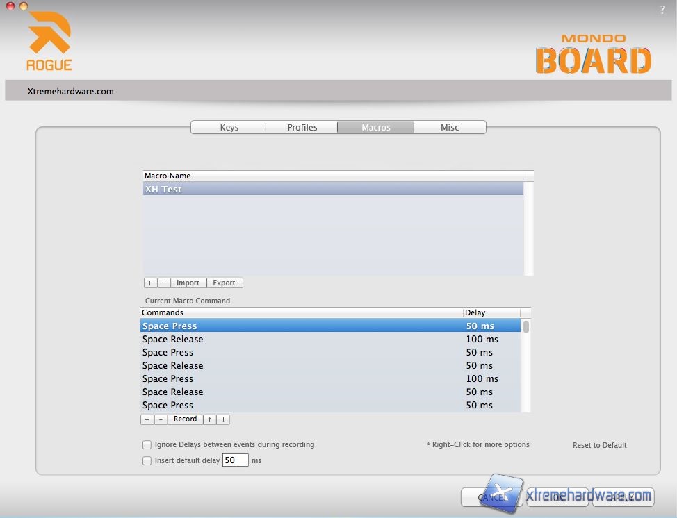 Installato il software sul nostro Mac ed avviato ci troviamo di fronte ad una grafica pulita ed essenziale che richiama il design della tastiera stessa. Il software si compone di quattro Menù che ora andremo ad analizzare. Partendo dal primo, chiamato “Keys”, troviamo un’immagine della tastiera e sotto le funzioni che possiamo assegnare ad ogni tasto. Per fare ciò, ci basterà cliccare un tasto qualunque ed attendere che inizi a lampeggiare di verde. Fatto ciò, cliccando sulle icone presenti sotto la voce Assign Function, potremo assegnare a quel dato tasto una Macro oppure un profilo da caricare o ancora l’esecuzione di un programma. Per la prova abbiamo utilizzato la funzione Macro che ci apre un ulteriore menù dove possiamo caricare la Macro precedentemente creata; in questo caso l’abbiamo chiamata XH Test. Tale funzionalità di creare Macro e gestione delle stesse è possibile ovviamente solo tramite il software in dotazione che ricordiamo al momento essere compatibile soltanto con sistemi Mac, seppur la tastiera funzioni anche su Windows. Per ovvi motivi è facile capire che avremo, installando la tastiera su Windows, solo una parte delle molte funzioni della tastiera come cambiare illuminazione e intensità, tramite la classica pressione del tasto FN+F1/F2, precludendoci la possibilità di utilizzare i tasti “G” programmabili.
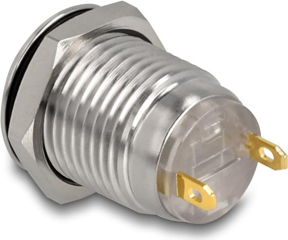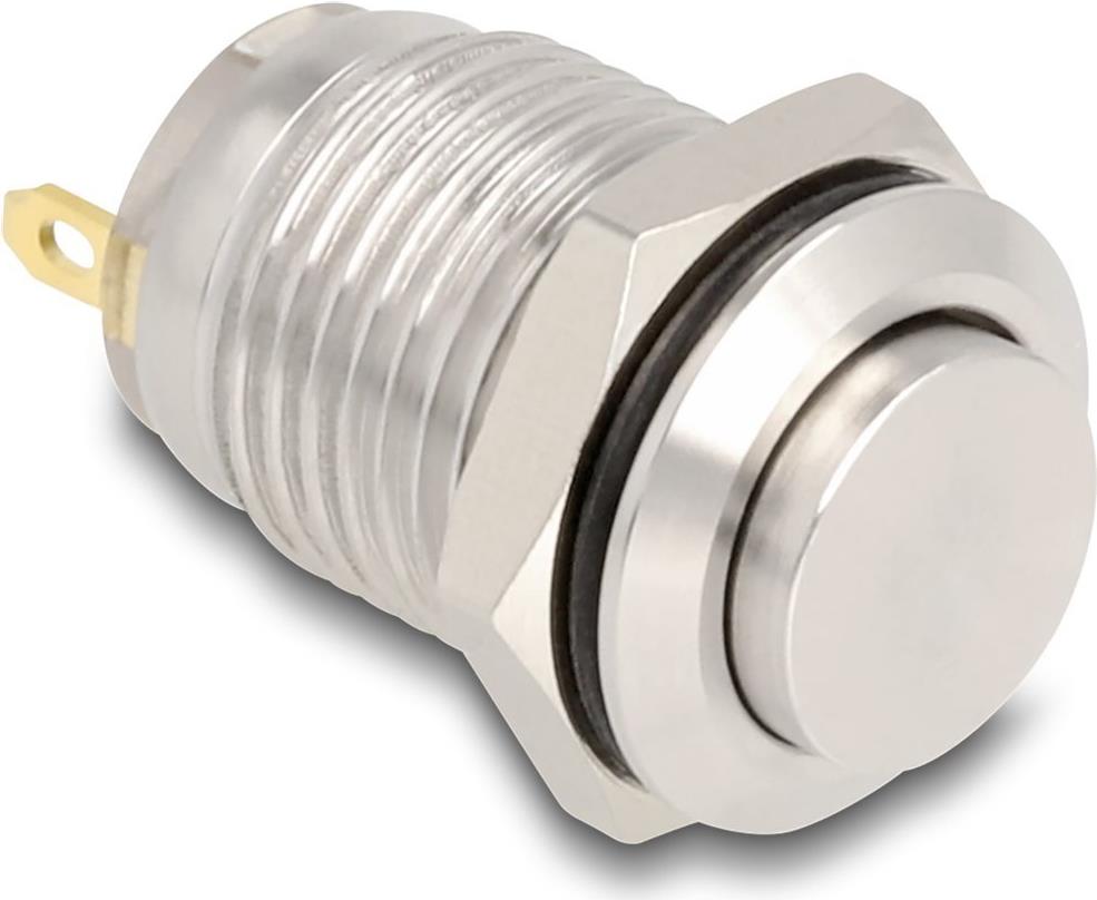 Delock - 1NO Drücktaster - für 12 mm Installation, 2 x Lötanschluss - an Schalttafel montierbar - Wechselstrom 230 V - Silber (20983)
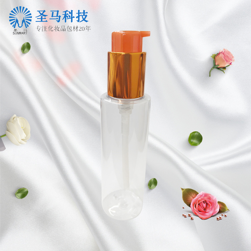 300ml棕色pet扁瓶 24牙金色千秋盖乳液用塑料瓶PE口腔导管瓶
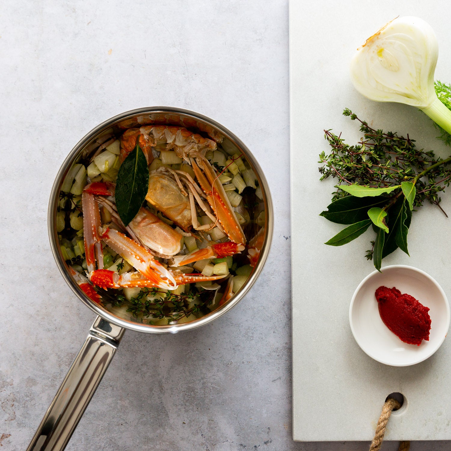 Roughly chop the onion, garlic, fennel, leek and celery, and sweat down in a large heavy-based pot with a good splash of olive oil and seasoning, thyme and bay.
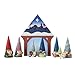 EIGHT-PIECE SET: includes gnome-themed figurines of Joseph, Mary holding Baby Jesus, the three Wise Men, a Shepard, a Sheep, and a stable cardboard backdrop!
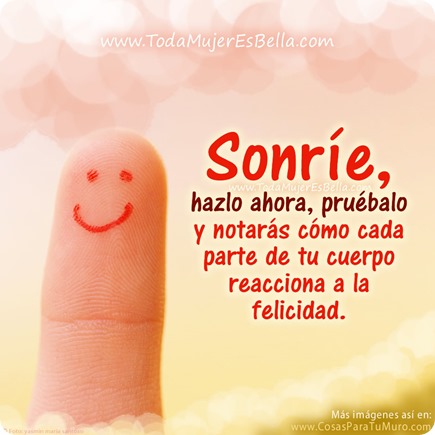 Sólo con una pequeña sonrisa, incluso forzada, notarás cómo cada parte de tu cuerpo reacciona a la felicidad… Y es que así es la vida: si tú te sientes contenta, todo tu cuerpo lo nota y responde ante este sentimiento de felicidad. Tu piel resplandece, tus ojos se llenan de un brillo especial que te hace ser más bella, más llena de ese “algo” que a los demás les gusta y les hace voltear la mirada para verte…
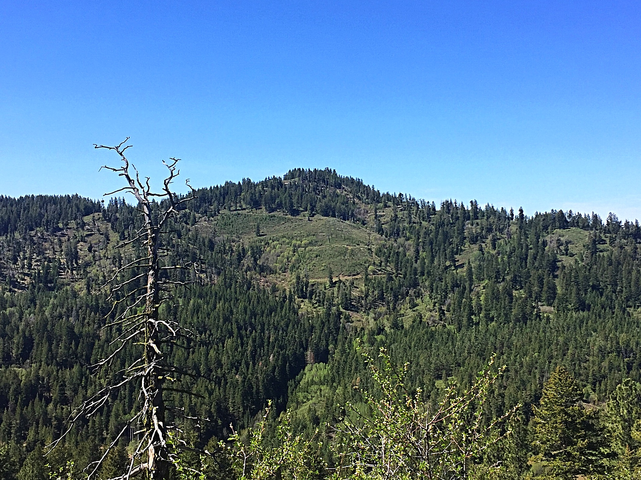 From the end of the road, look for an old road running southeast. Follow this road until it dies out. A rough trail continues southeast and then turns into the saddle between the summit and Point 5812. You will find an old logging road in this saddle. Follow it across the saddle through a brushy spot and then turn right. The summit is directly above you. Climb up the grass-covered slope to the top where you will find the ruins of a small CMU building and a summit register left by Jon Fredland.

**DIRECTIONS FOR THIS TASK**
Given the records above, return the lines starting at the one that holds "300ml棕色pet扁瓶 24牙金色千秋盖乳液用塑料瓶PE口腔导管瓶" and ending at the one that holds "EIGHT-PIECE SET: includes", exactly, and nothing besides; leave every picture out.

**YOUR RESPONSE**
 300ml棕色pet扁瓶 24牙金色千秋盖乳液用塑料瓶PE口腔导管瓶
 Roughly chop the onion, garlic, fennel, leek and celery, and sweat down in a large heavy-based pot with a good splash of olive oil and seasoning, thyme and bay.
 EIGHT-PIECE SET: includes gnome-themed figurines of Joseph, Mary holding Baby Jesus, the three Wise Men, a Shepard, a Sheep, and a stable cardboard backdrop!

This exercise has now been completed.